__Exercise__
The answer must be an exact reprint of the lines from the one with "GAOSTUDIOS double-layered wool" through the final line of the data, with no pictures included.

__Information shown__
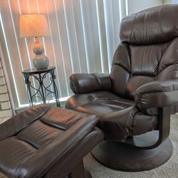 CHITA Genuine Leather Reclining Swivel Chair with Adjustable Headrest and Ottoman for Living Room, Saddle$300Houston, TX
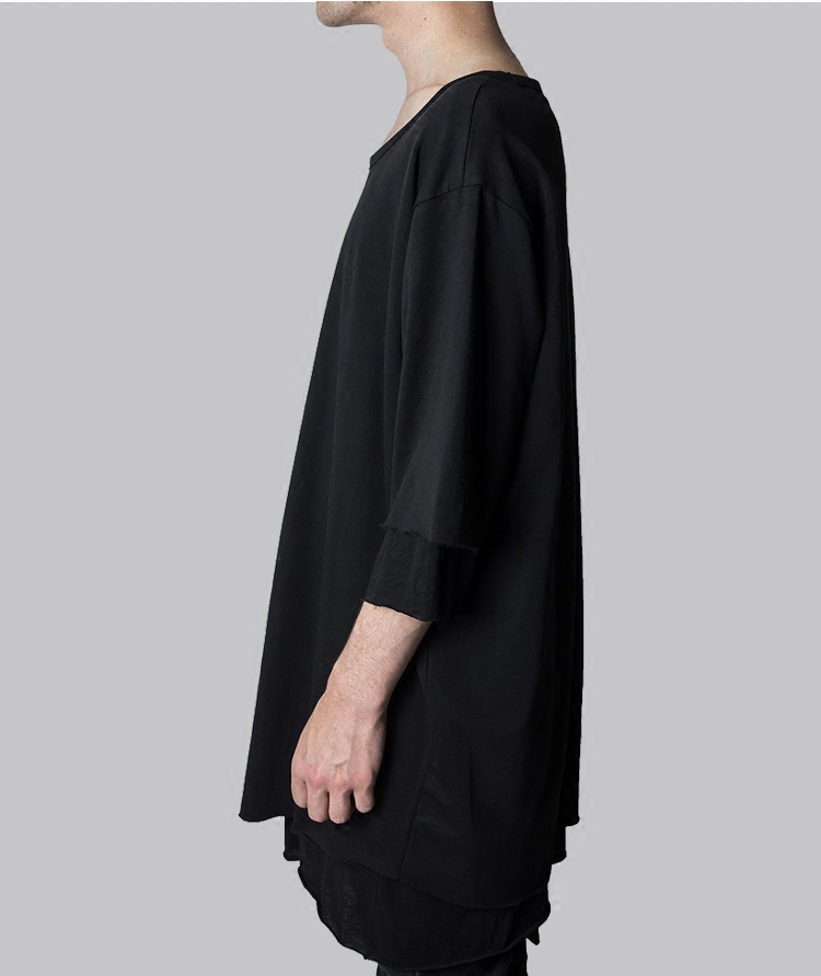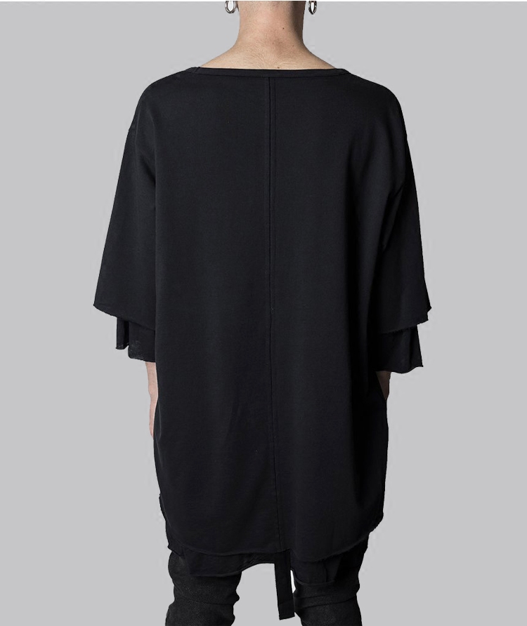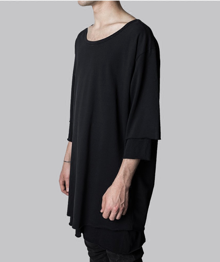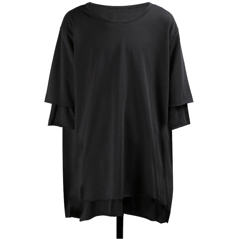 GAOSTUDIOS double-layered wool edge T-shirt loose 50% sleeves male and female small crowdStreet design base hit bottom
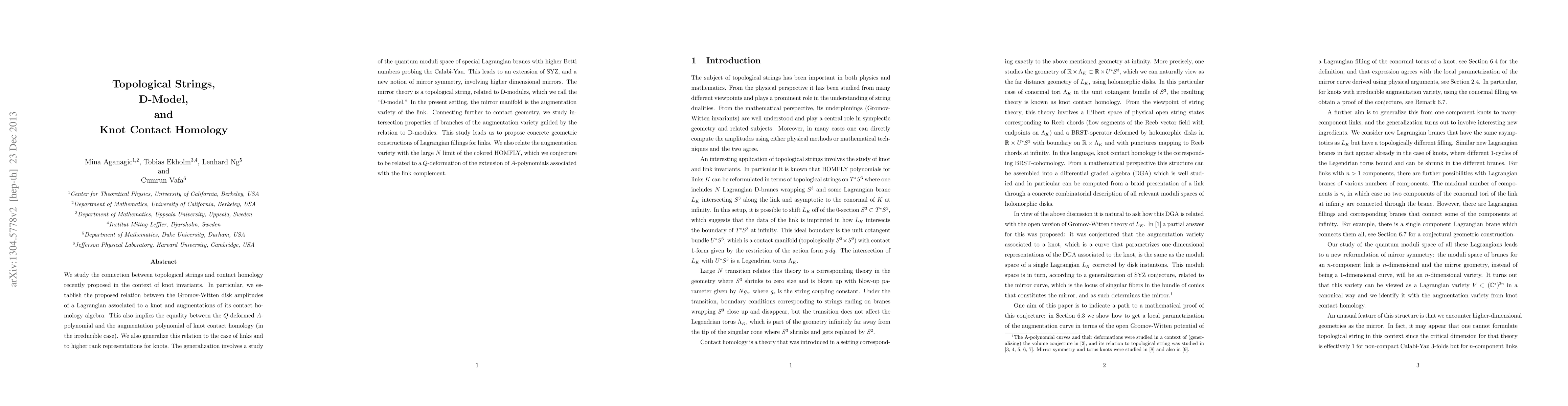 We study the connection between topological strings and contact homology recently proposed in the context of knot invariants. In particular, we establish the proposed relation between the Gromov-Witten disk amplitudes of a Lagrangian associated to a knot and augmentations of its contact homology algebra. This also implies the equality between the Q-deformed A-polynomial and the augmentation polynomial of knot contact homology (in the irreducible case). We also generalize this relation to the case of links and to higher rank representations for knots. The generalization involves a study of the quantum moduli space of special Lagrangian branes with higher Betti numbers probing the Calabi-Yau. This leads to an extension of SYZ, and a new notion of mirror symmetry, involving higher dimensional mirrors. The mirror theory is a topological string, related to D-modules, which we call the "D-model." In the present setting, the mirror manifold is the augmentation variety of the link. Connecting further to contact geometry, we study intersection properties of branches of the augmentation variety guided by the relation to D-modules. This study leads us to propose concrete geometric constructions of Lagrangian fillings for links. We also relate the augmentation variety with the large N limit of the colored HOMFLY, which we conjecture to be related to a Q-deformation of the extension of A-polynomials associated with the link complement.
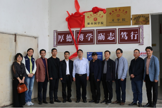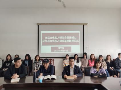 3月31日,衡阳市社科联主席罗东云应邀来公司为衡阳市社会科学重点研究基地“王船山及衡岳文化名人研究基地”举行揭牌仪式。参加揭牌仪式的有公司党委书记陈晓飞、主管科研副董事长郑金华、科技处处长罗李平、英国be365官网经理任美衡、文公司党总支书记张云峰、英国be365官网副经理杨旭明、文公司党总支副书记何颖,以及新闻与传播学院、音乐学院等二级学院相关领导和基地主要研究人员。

__Finished task__
 GAOSTUDIOS double-layered wool edge T-shirt loose 50% sleeves male and female small crowdStreet design base hit bottom
 We study the connection between topological strings and contact homology recently proposed in the context of knot invariants. In particular, we establish the proposed relation between the Gromov-Witten disk amplitudes of a Lagrangian associated to a knot and augmentations of its contact homology algebra. This also implies the equality between the Q-deformed A-polynomial and the augmentation polynomial of knot contact homology (in the irreducible case). We also generalize this relation to the case of links and to higher rank representations for knots. The generalization involves a study of the quantum moduli space of special Lagrangian branes with higher Betti numbers probing the Calabi-Yau. This leads to an extension of SYZ, and a new notion of mirror symmetry, involving higher dimensional mirrors. The mirror theory is a topological string, related to D-modules, which we call the "D-model." In the present setting, the mirror manifold is the augmentation variety of the link. Connecting further to contact geometry, we study intersection properties of branches of the augmentation variety guided by the relation to D-modules. This study leads us to propose concrete geometric constructions of Lagrangian fillings for links. We also relate the augmentation variety with the large N limit of the colored HOMFLY, which we conjecture to be related to a Q-deformation of the extension of A-polynomials associated with the link complement.
 3月31日,衡阳市社科联主席罗东云应邀来公司为衡阳市社会科学重点研究基地“王船山及衡岳文化名人研究基地”举行揭牌仪式。参加揭牌仪式的有公司党委书记陈晓飞、主管科研副董事长郑金华、科技处处长罗李平、英国be365官网经理任美衡、文公司党总支书记张云峰、英国be365官网副经理杨旭明、文公司党总支副书记何颖,以及新闻与传播学院、音乐学院等二级学院相关领导和基地主要研究人员。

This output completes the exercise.